__WORK TO COMPLETE__: Your task is to restate every entry below word for word and omit the images.

Records excerpted from a collection
━━━━━━━━━━━━━━━━━━━━━━━━━━━━━━
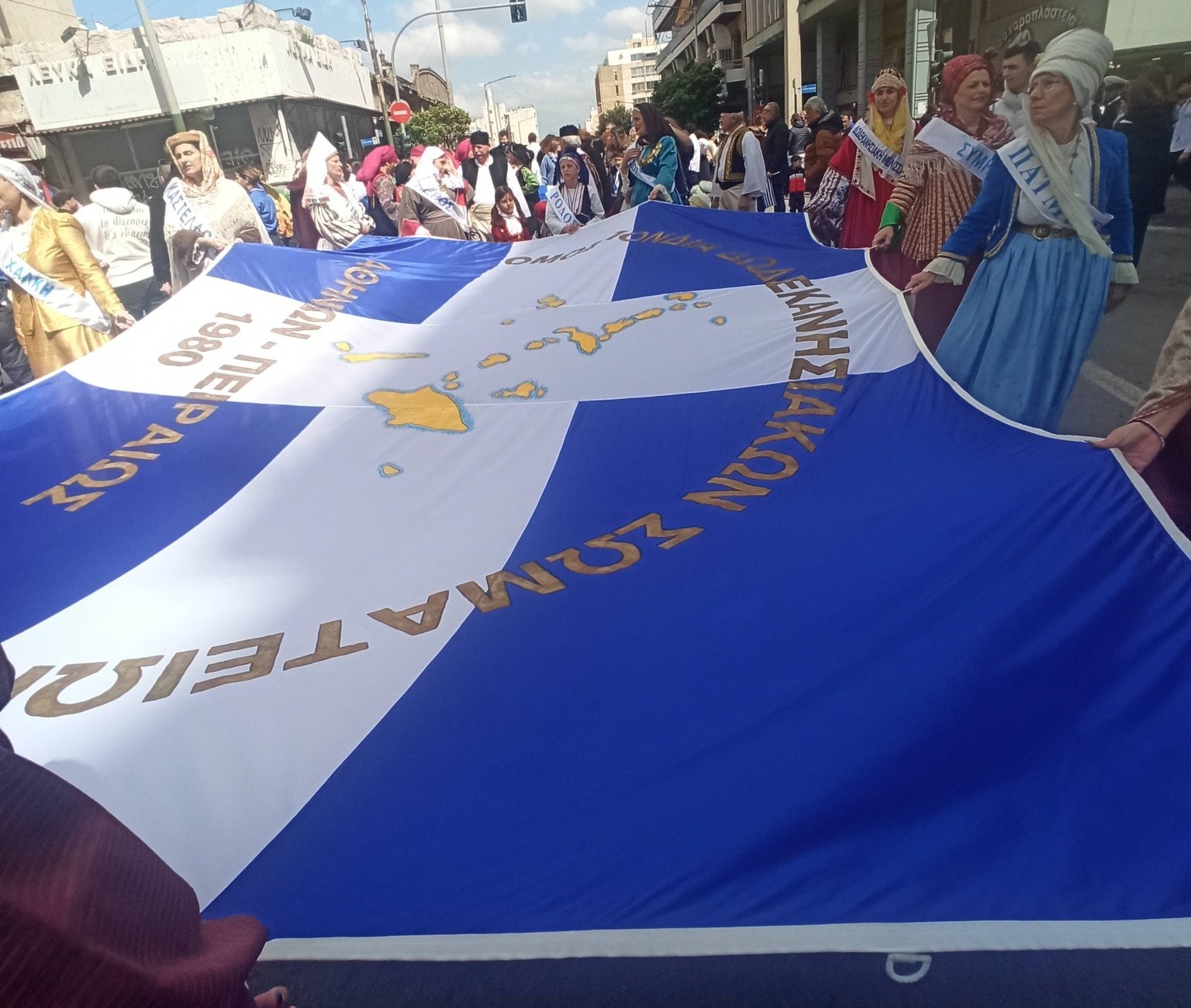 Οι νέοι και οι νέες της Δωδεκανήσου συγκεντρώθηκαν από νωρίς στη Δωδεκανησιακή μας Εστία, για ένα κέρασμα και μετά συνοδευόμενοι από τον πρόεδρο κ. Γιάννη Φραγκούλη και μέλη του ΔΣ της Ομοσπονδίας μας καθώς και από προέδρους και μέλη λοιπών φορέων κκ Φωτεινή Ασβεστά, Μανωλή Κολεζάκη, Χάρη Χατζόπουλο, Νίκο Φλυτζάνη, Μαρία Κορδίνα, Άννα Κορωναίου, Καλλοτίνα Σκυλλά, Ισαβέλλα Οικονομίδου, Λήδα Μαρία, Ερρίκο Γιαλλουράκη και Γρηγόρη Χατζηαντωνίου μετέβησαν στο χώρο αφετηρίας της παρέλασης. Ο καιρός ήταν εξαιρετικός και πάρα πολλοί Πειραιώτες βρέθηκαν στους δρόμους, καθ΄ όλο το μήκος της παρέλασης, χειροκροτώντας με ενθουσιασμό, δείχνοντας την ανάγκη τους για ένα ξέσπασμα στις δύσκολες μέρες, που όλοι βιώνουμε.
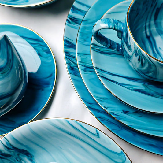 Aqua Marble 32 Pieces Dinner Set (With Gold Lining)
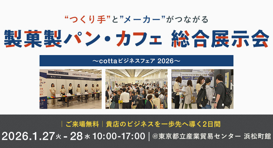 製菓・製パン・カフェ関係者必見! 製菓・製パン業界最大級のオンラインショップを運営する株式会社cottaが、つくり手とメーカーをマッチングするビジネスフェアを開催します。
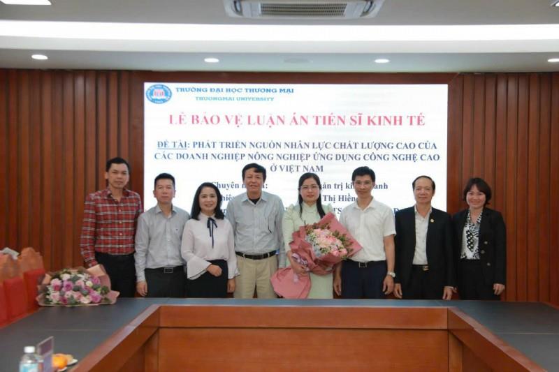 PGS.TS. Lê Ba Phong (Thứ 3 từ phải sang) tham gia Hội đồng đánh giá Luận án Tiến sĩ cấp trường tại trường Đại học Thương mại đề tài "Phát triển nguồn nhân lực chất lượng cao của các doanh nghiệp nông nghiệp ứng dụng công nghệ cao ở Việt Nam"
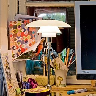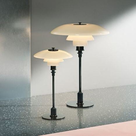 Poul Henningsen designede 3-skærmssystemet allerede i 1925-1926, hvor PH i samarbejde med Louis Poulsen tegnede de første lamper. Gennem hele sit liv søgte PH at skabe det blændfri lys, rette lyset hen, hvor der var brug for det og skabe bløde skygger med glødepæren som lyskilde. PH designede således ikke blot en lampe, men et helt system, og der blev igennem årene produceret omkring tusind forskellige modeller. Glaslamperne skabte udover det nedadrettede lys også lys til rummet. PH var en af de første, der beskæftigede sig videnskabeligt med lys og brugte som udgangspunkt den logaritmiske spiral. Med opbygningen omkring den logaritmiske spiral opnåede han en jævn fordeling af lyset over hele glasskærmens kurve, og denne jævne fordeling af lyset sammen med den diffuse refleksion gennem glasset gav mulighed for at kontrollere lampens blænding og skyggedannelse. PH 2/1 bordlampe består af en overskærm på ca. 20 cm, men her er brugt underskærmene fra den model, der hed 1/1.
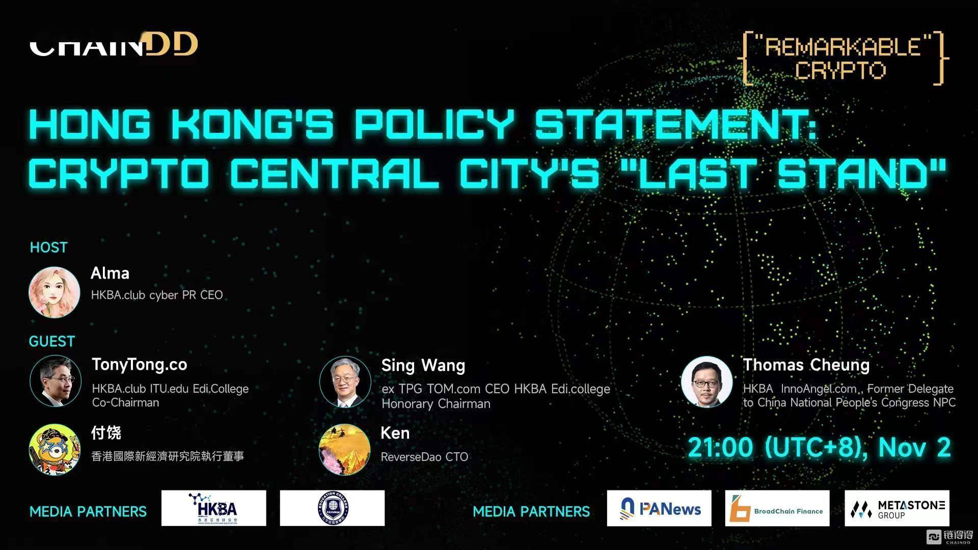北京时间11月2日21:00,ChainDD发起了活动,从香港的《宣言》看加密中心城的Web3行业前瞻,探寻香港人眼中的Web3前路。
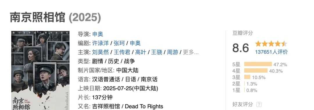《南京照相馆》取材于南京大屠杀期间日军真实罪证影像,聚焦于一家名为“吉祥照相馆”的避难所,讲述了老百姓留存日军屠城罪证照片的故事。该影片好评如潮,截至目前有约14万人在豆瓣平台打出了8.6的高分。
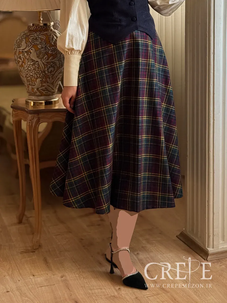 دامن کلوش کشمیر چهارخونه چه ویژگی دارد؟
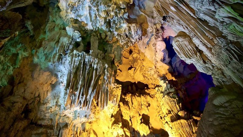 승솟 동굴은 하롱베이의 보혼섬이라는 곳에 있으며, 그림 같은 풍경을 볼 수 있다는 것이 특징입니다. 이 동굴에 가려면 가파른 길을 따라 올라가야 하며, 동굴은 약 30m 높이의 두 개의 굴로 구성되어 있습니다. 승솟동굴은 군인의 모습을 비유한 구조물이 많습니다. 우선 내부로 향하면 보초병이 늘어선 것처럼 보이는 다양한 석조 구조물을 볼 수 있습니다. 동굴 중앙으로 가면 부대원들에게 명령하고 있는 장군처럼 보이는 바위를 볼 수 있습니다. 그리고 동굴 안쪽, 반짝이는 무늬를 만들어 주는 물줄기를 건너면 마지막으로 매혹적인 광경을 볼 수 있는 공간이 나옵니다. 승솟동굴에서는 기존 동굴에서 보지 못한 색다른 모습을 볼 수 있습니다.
━━━━━━━━━━━━━━━━━━━━━━━━━━━━━━
__EXPECTED ANSWER__:
 Οι νέοι και οι νέες της Δωδεκανήσου συγκεντρώθηκαν από νωρίς στη Δωδεκανησιακή μας Εστία, για ένα κέρασμα και μετά συνοδευόμενοι από τον πρόεδρο κ. Γιάννη Φραγκούλη και μέλη του ΔΣ της Ομοσπονδίας μας καθώς και από προέδρους και μέλη λοιπών φορέων κκ Φωτεινή Ασβεστά, Μανωλή Κολεζάκη, Χάρη Χατζόπουλο, Νίκο Φλυτζάνη, Μαρία Κορδίνα, Άννα Κορωναίου, Καλλοτίνα Σκυλλά, Ισαβέλλα Οικονομίδου, Λήδα Μαρία, Ερρίκο Γιαλλουράκη και Γρηγόρη Χατζηαντωνίου μετέβησαν στο χώρο αφετηρίας της παρέλασης. Ο καιρός ήταν εξαιρετικός και πάρα πολλοί Πειραιώτες βρέθηκαν στους δρόμους, καθ΄ όλο το μήκος της παρέλασης, χειροκροτώντας με ενθουσιασμό, δείχνοντας την ανάγκη τους για ένα ξέσπασμα στις δύσκολες μέρες, που όλοι βιώνουμε.
 Aqua Marble 32 Pieces Dinner Set (With Gold Lining)
 製菓・製パン・カフェ関係者必見! 製菓・製パン業界最大級のオンラインショップを運営する株式会社cottaが、つくり手とメーカーをマッチングするビジネスフェアを開催します。
 PGS.TS. Lê Ba Phong (Thứ 3 từ phải sang) tham gia Hội đồng đánh giá Luận án Tiến sĩ cấp trường tại trường Đại học Thương mại đề tài "Phát triển nguồn nhân lực chất lượng cao của các doanh nghiệp nông nghiệp ứng dụng công nghệ cao ở Việt Nam"
 Poul Henningsen designede 3-skærmssystemet allerede i 1925-1926, hvor PH i samarbejde med Louis Poulsen tegnede de første lamper. Gennem hele sit liv søgte PH at skabe det blændfri lys, rette lyset hen, hvor der var brug for det og skabe bløde skygger med glødepæren som lyskilde. PH designede således ikke blot en lampe, men et helt system, og der blev igennem årene produceret omkring tusind forskellige modeller. Glaslamperne skabte udover det nedadrettede lys også lys til rummet. PH var en af de første, der beskæftigede sig videnskabeligt med lys og brugte som udgangspunkt den logaritmiske spiral. Med opbygningen omkring den logaritmiske spiral opnåede han en jævn fordeling af lyset over hele glasskærmens kurve, og denne jævne fordeling af lyset sammen med den diffuse refleksion gennem glasset gav mulighed for at kontrollere lampens blænding og skyggedannelse. PH 2/1 bordlampe består af en overskærm på ca. 20 cm, men her er brugt underskærmene fra den model, der hed 1/1.
北京时间11月2日21:00,ChainDD发起了活动,从香港的《宣言》看加密中心城的Web3行业前瞻,探寻香港人眼中的Web3前路。
《南京照相馆》取材于南京大屠杀期间日军真实罪证影像,聚焦于一家名为“吉祥照相馆”的避难所,讲述了老百姓留存日军屠城罪证照片的故事。该影片好评如潮,截至目前有约14万人在豆瓣平台打出了8.6的高分。
 دامن کلوش کشمیر چهارخونه چه ویژگی دارد؟
 승솟 동굴은 하롱베이의 보혼섬이라는 곳에 있으며, 그림 같은 풍경을 볼 수 있다는 것이 특징입니다. 이 동굴에 가려면 가파른 길을 따라 올라가야 하며, 동굴은 약 30m 높이의 두 개의 굴로 구성되어 있습니다. 승솟동굴은 군인의 모습을 비유한 구조물이 많습니다. 우선 내부로 향하면 보초병이 늘어선 것처럼 보이는 다양한 석조 구조물을 볼 수 있습니다. 동굴 중앙으로 가면 부대원들에게 명령하고 있는 장군처럼 보이는 바위를 볼 수 있습니다. 그리고 동굴 안쪽, 반짝이는 무늬를 만들어 주는 물줄기를 건너면 마지막으로 매혹적인 광경을 볼 수 있는 공간이 나옵니다. 승솟동굴에서는 기존 동굴에서 보지 못한 색다른 모습을 볼 수 있습니다.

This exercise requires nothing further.